Obligatory escapes (?/F). CHAPTER 6 added 15-6 Finished for now

Stories that have little truth to them should go here.
User avatar
Trammel
Centennial Club
Centennial Club
Posts: 520
Joined: 5 years ago
Location: USA midwest

Post by Trammel »

Shotrow wrote: 1 year ago
Ovi1 wrote: 1 year ago If I have not slipped up, I wrote that she put on the handcuffs on her wrists and ankles herself, and the other two pairs were put on by someone else, whom I decided to denote as 'it' in the gender tags. btw if this 'it' is the wrong denotation for a mysterious unknown person, someone should let me know.
I understood what you meant, but I personally would have used ? or *. "It" makes it sound like the captor was a monster or demon, which I don't think was your intention.
What you wrote is fine. I'm not always the best at following every detail and you are being a tad mysterious which I like.
Thanks for reading. Feel free to comment.

Active story:

The bully, the tree and me (mm/m): http://tugstories.com/viewtopic.php?f=8 ... 967b8517c3

Recently finished story:

A Kidnapping For MacKenzie.
Ovi1
Centennial Club
Centennial Club
Posts: 128
Joined: 2 years ago
Location: Netherlands

Post by Ovi1 »

*** PART 6 ***

Demi sat on her knees in front of her stove. The hood was still on her, as was the cuff on her right elbow, but she could move her arms freely again. She could clearly feel the deep marks the cuffs had left on her wrists, ankles and left elbow, as she tried to rub the pain out of those places. She felt at the buckle of the hood, which was below her chin, and realised it was closed with a small padlock. That must be what the second key on the keyring was for. She decided to give her legs a few stretches before she would get up to find that key.

As she was doing the stretches, she felt the cold sensation of the handcuff key which had dropped to the floor. She quickly picked it up and freed her right elbow. Aggressively rubbing it in an attempt to make her arm feel normal again.

She used the countertop to get herself back up, and systematically checked the surface for the set of keys. It felt amazing to have a proper reach with her arms again. But she would not have to search far, since she had put the keys down when her arms were still behind her back.

Demi had a mirror on the wall next to her door, perpendicular to it so she wouldn't be looking at it all the time, but giving her the option to quickly check it everytime she left her apartment. She moved a few steps so she would be facing said mirror. At this distance she would be able to see her entire torso and maybe even the top of her legs in the mirror.

She felt around a bit, but quickly managed to turn the key and undo the padlock which was holding the hood in place. She opened the belt as far as possible so the hood would be easy to remove. The skin underneath it seemed shiny from the sweat and condensation. Demi had a light brown skintone from her Indonesian ancestry, but living in a colder climate made her look a bit pale in family pictures.

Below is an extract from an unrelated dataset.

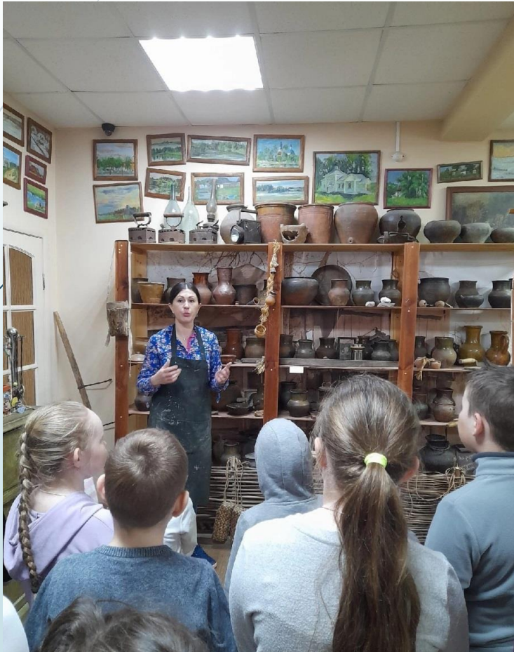
Арт студия г. Йошкар-Ола
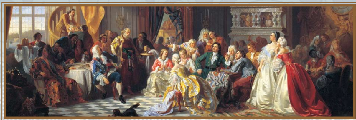
С. Хлебовский. Ассамблея при Петре I (фрагмент)

К середине восемнадцатого века Россия становится одной из стран, которые тогда определяли судьбы мира. Расширяется ее территория, укрепляются позиции на Западе и Востоке. Вместе с тем грандиозное петровское обновление носило ограниченный характер. Страна, хоть и обладала огромной военной силой, по своим порядкам по-прежнему во многом оставалась средневековой, основанной не на вольнонаемном, а на крепостном труде зависимых людей. Частное предпринимательство было под жестким контролем государства, свободные рыночные отношения тоже были скованы постоянным вмешательством государства с его раздутым чиновничьим аппаратом.

The hood revealed a big smile because she had made it. But her natural facial structure often gave her a slight pout. The hood went up to reveal a small round nose, and beautiful brown eyes. Her parents used to compare them to the color of trees, sources of life for everyone. Her black hair was put up in a ponytail. If she let it go it would fall halfway down her neck and would be wavy. Demi decided to leave the ponytail up for now, since it would be impossible to get the wet, sweaty hair in a decent form.

She looked around the room, let out a deep sigh when she saw the fallen chair and table, but figured she would clean up the mess later. Otherwise the room still looked the same as it had been when the hood was put on her. As expected she had been left alone and unsupervised to complete her task.

She looked down at her body, the marks she had felt from the cuffs were very clearly showing. Her abs were clearly discernable below her top, they would go invisible again after her next meal. Demi looked sadly at what was left of an address which had been written on her belly with permanent marker. Her eyes went large as she realised she could not read it at all. The marker had been wiped all over the place, and the light scratches had made the text completely unreadable.

Demi walked over to the bathroom to get some ointment to help heal the scratches. Lifting her legs to step over the fallen chair. In the bathroom she checked her watch, which she had left next to the sink before she had put on the first set of handcuffs. She had almost 15 minutes left to get to the rendez-vous point, of wich she had no clue where it was.

She realised there had been a label attached to the keyring, which might have some kind of clue on it, or if she was lucky, the full address. She sprinted back to the kitchen to check it and was lucky to find that it had the address. She recognised it, it was about a ten minute walk from here.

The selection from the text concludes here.